There is no primary hole in healthcare’s metaphorical bucket; instead, resource loss in the industry stems from a thousand tiny inefficiencies and overly complex protocols. While there is no perfect way to organize these wastes, the waste can be divided into two sweeping — and by no means wholly comprehensive — categories. The first is administrative, which refers to losses caused by overly bureaucratic and unnecessarily complex billing protocols between insurers and providers. The second is operational waste, which encompasses inefficient care delivery protocols.

 

Administrative Waste

Unnecessary bureaucracy is a major culprit in healthcare overspending. According to research published by the Dartmouth Institute for Health Policy and Clinical Practice, a full third of all clinical care spending on Medicare enrollees could have been avoided without penalty to patient outcomes. For the most part, the waste can be attributed to the unnecessary complexity of the systems linking providers to private insurers and government agencies.

 

The total lack of standardization between disparate operators often forces provider organizations to decode diverse protocols and spend more time than necessary on billing and paperwork. Not only does waste time, but the unnecessary complexity also cuts down on the hours doctors have available to see patients, thereby leading to additional wastes in billable hours. The solution here is clear, if difficult to implement: the healthcare sector needs to cut down on unnecessary red tape and establish a standard protocol for handling billing and paperwork across payer and provider organizations. This will of course take years — but if we can manage it, we may be able to make a significant dent in unnecessary administrative expenses and time wasted.

 

Operational Waste

Eliminating operational waste will require provider organizations to improve their day-to-day efficiency without forcing their doctors into burnout or compromising their patient care quality. It’s not an easy task; too often, organizations struggle to separate speed from efficiency. The first refers to how quickly a doctor can move from patient to patient, while the second involves a doctor’s ability to provide quality care to a patient within a tight timetable.

 

With speed, the onus of productivity falls heavily on the provider even if the system they work within isn’t conducive to efficient work. For all that doctors and non-medical staff might work themselves to exhaustion, the quality of care they provide eventually flattens as a result of inefficient operations. Doctors spend too much time on paperwork, and not enough time providing medical care; the weight of organizational expectations for speed pushes them towards disengagement and burnout. As one writer for Modern Healthcare describes the matter: “Poorly designed delivery systems have led to widespread job dissatisfaction among physicians. And patients are unhappy that it’s often hard to get in to see the doctor and typical visits are too short.”

 

Healthcare organizations can only cut down on operational waste if they can put structures in place to streamline their doctors’ efficiencies.
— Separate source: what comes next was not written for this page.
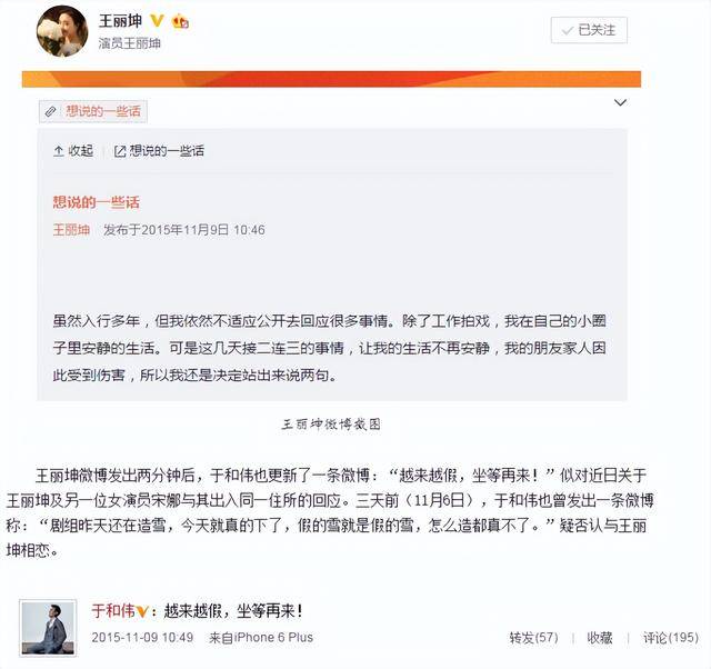 于和伟和王丽坤也各自出来澄清,于和伟更是当众对妻子深情告白:我余生都不会背叛我的妻子,不会辜负她。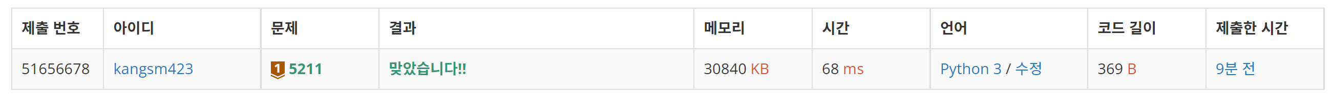 BOJ_5211 : ๊ฐ๋จ์กฐ์ ๋ค์ฅ์กฐ ๋ณธ๋ฌธ

For some, a solution may be to bring on additional support staff to handle excess paperwork and allow doctors the time they need to treat patients without having to struggle through poorly-organized systems. This fix would need to be applied at a business level and take into account the specific logistical needs of the organization at hand.

 

At its heart, the problem we face isn’t one of overspending, but of systemic and organizational inefficiencies that prevent us from delivering affordable healthcare. We can strike a balance between pursuing efficiency and improving value — but the task will require significant effort from both individual organizations and the health care sector as a whole. If we do manage to eliminate waste and implement truly efficient systems, however, we will stand a chance of recasting the United States as a frontrunner in the global healthcare community.